Thanks for the clarification, and the example code you added in a  
comment to HTTPCLIENT-896.

Given the number of invalid cookies w/this issue that I see during a  
crawl, would it make sense for the "best match" policy to select a  
more lenient Netscape format?

Or maybe add a "best match-lenient" policy that does this?

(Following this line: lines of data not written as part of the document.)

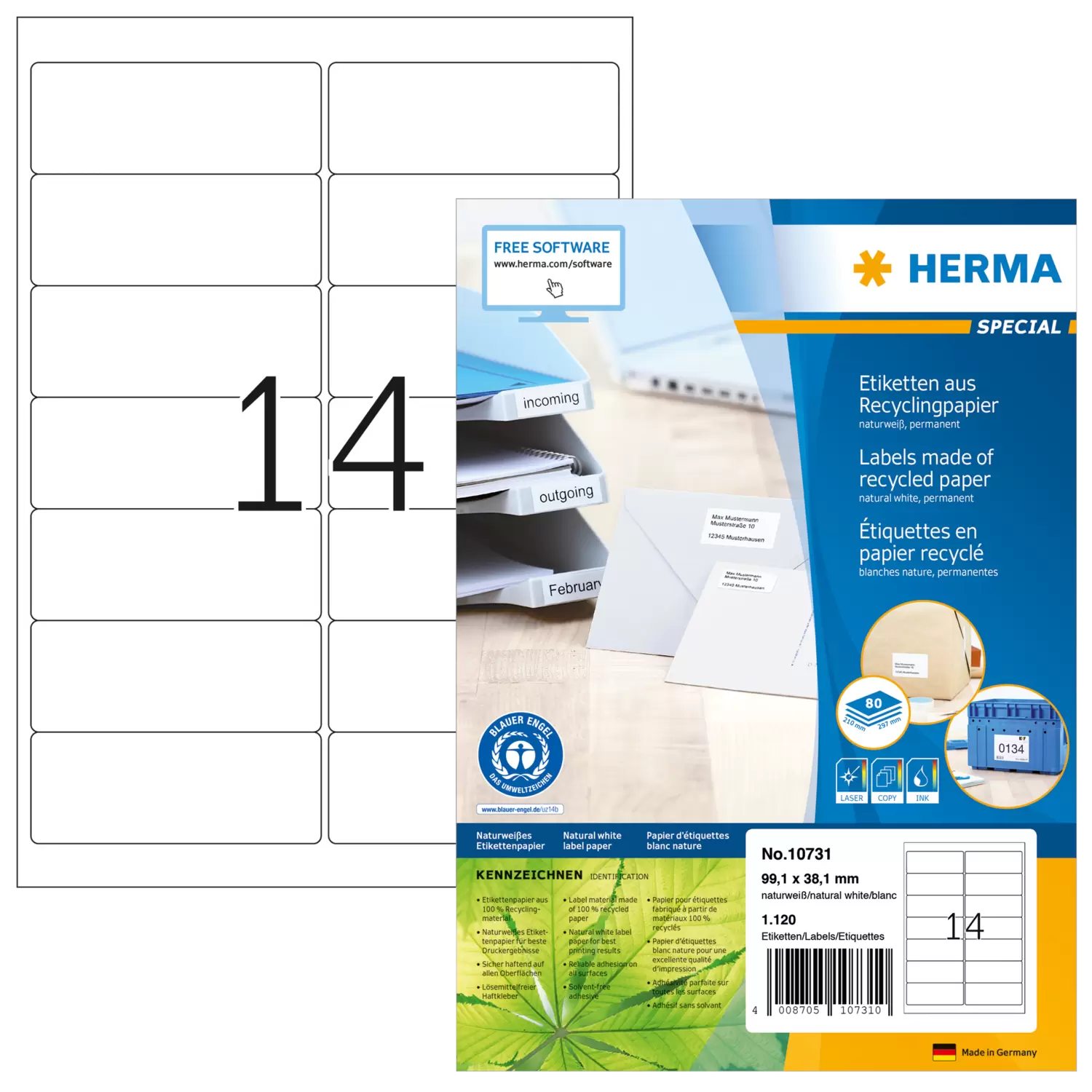 Etiketten aus Recyclingpapier A4, 99,1 x 38,1 mm, weiß, permanent haftend
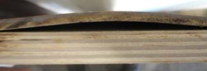 ("raising grain") is het gevolg van de delaminatie tussen vroeg- en laathout
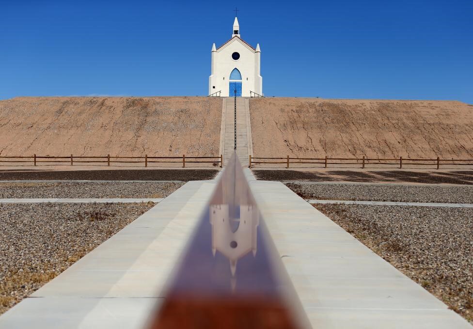 Một nhà thờ Mexico nhìn từ Felicity, bang California, Mỹ.
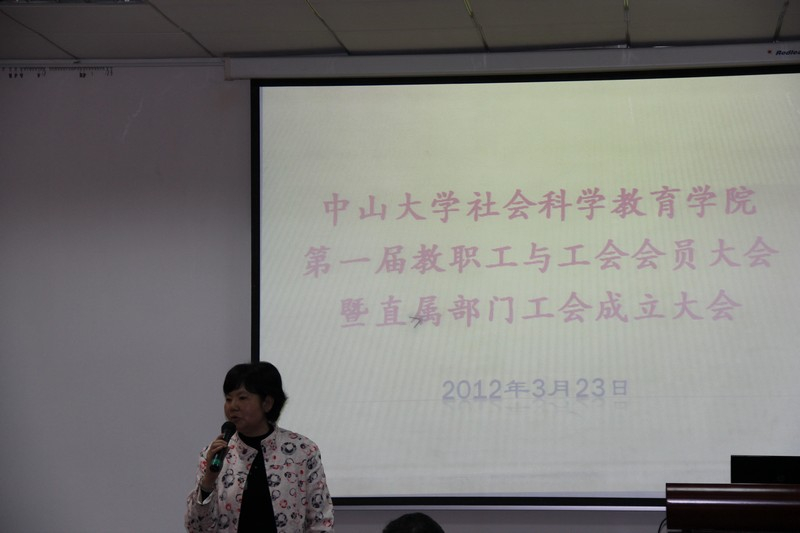 周云常务副主席在会上讲话,她对于社会科学教育学院在党政领导的大力支持下,在机构调整后的较短时间内就筹备成立直属部门工会给予了充分肯定,并指出工会工作在维护学校稳定,促进教学、科研与社会服务等方面具有重要作用。她又简要介绍了校工会今年的工作要点,对学院今后的工会和教代会寄予了殷切希望。

I haven't had to do much in the way of cookie processing in the past,  
so I'll confess up front that I'm ignorant about the potential issues  
that could arise from using a more lenient policy.

Thanks again,

-- Ken

--------------------------------------------
Ken Krugler
+1 530-210-6378
http://bixolabs.com
e l a s t i c   w e b   m i n i n g





---------------------------------------------------------------------
To unsubscribe, e-mail: httpclient-users-unsubscribe@hc.apache.org
For additional commands, e-mail: httpclient-users-help@hc.apache.org


Re: Setting cookie policy with HttpClient 4.0

Posted by Oleg Kalnichevski <ol...@apache.org>.
On Wed, 2009-12-02 at 19:15 -0800, Ken Krugler wrote:
> Below is an email from August 7th, which I'm reviving due to this  
> becoming a bigger issue over in Bixo-land.
> 
> I've continued to run into this issue with my crawls, but so far I'm  
> not doing anything with cookies, so it hasn't been a priority to track  
> down.
> 
> However another Bixo user also runs into it, and he noticed that by  
> switching back to HttpClient 4.0-beta3, the warnings went away.
> 
> I believe he just opened HTTPCLIENT-896 as a clone of HTTPCLIENT-773,  
> which seemed to be this exact same bug (fixed by Oleg around 17/May/08).
> 
> I'm wondering if the bug crept back into the code sometime between  
> then and the final release.
> 
> Thanks,
> 
> -- Ken
> 

Hi Ken

The cookie in question violates the format of 'expires' attribute
expected by the Netscape policy. One can configure the policy to be more
lenient about the format of 'expires' attribute by using a special HTTP
parameter. For details see HTTPCLIENT-896.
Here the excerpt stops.